To be transparent is to be willing to be seen, 'warts and all'. Contrary to what we may think, most people become more appealing when they reveal their needs and insecurities. This doesn't mean presenting the story of your wounds and misfortunes in vivid detail. It's more a matter of being open about your feelings, impressions and wants. It is about being honest.
Giving feedback is the act of verbally letting the other know how their actions affected you. Being open to receiving feedback means you are curious about and willing to hear how your actions affect other people. Most people don't get very much feedback in their lives and they long for it. Be respectful to others by asking for permission before giving them feedback. A relationship quality that needs practice, sensitivity and discernment.
You are not the car that you drive to work. Same with feelings, you are not your anger, frustration, sadness etc. Who you are is the person experiencing these feelings and can even observe yourself going through the emotions. Having understanding and respect and being open to your feelings yet not being controlled by them is the way to go. Not an easy state of being to get to.
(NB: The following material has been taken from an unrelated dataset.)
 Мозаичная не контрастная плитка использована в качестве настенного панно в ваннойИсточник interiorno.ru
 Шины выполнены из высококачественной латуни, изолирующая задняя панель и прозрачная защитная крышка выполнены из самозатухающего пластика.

Sharing your feelings and thoughts in relationships is also a very important thing to do. Sometimes we want to tell someone the truth but at the same time we are concerned about their feelings. A desire to clear the air might be accompanied by a fear of being misunderstood. If you do have mixed feelings, expressing both feelings can add depth to your communication.
Knowing you are not your feelings also means that when you get triggered you will not put your negative feelings on someone else.
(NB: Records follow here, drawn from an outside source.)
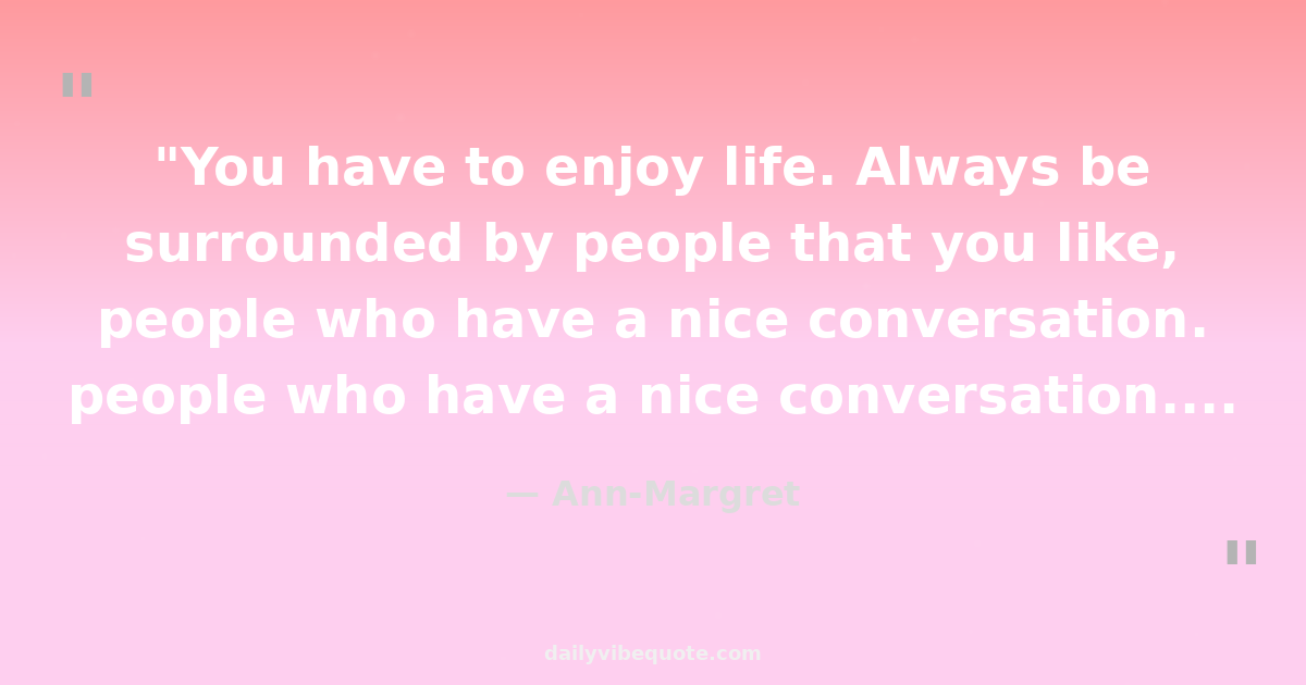 "You have to enjoy life. Always be surrounded by people that you like, people who have a nice conversation. There are so ..."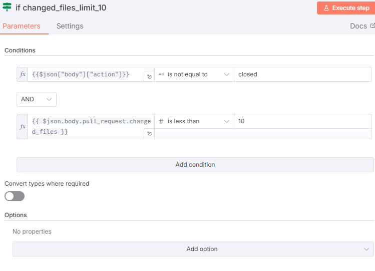 예전에는 IF 노드가 없어 PR이 closed 상태여도 플로우가 실행되었습니다.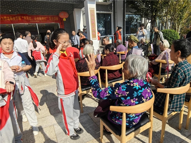 上午,金溪县秀谷二小党员教师带领部分少先队员们与金溪红色文化促进协会、县仰山社区一同走进津泽康养院,为老人们送去温暖与欢乐。同学们依次登台献上精彩节目,声情并茂的朗诵《话重阳》、清新悦耳的电子琴独奏《菊次郎的夏天》、朝气蓬勃的舞蹈《少年有志》……一个个节目赢得现场掌声不断。演出结束后,孩子们将鲜花与节日祝福送给每位老人,一声声“爷爷奶奶重阳节快乐”,让老人们脸上洋溢着幸福与感动。

Be patient with acquiring this relationship quality. It takes most of us a whole lifetime to understand this, truly.
Many people fear intimacy because we fear losing ourselves in a relationship. If you know how to practice holding differences, you won’t need to fear losing yourself. This is the capacity to listen to and empathize with opinions that differ from yours without losing touch with your own perspective and values.
To have an open heart and keeping it open you need to become aware and heal what has closed your heart in the first place. Then with awareness you will be able to keep your heart open once you feel it closing down.
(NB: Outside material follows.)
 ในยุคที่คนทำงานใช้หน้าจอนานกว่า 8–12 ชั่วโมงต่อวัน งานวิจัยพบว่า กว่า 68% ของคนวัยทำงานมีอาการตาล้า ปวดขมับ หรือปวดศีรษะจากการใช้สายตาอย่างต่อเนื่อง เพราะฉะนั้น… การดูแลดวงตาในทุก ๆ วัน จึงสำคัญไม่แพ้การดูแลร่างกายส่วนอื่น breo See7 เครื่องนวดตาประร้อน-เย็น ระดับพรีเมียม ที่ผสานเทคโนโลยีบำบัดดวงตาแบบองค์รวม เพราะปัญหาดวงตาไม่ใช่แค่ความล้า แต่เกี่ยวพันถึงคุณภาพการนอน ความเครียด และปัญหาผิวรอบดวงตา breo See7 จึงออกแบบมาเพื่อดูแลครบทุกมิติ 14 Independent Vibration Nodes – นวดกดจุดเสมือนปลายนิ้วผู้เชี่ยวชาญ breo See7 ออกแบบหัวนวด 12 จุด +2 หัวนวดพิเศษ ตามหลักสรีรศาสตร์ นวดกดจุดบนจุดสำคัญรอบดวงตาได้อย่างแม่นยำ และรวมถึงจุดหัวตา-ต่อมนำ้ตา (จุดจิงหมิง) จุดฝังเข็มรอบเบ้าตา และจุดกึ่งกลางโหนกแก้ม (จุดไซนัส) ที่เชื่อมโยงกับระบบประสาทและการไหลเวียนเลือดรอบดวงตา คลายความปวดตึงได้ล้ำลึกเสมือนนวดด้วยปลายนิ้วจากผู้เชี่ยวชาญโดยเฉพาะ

It is not true that courageous people do not feel fear. The only difference is that a courageous person does not let the feeling of fear stop them.
Fear is a strong and powerful emotion that can move us in 2 ways:
We all have it to some degree or another. Fear is often found at the root of other negative behaviors we have like anger, jealousy, lying, manipulation etc.
There is an incredible array of fears that can influence us in many subtle and deceptive ways. So much so that we often don’t even recognize their existence. Besides, even if we do recognize their presence, it does not necessarily mean that we will have the courage to break through those fears and take action.
Sometimes, we knowingly allow fear to stand between us and our dreams. Sadly, if we do that for long enough, chances are, we will eventually abandon our dreams and rationalize our choice with logical sounding excuses.
This does not need to happen to you. You don’t have to allow fear to hinder
your actions and destroy your dreams! With a simple shift in perspective, you
can learn to transform that fear energy into excitement and use that positive energy to your advantage. Practice this relationship quality and it will become an important friend.
Discernment is the ability to distinguish between what you actually experience (see, hear, sense, feel, notice, remember) versus what you imagine (interpret, believe, assume) to be true. The statement "I see you looking at the floor" is your own experience. The statement "I see you are uncomfortable" is an interpretation. If you get caught up in believing your interpretations about another person's behavior, you will be responding to your interpretation of what they did instead of what they actually did.
Discernment helps you gain clarity about the choices you have and in decision making.This relationship quality will help you to stay true to your values.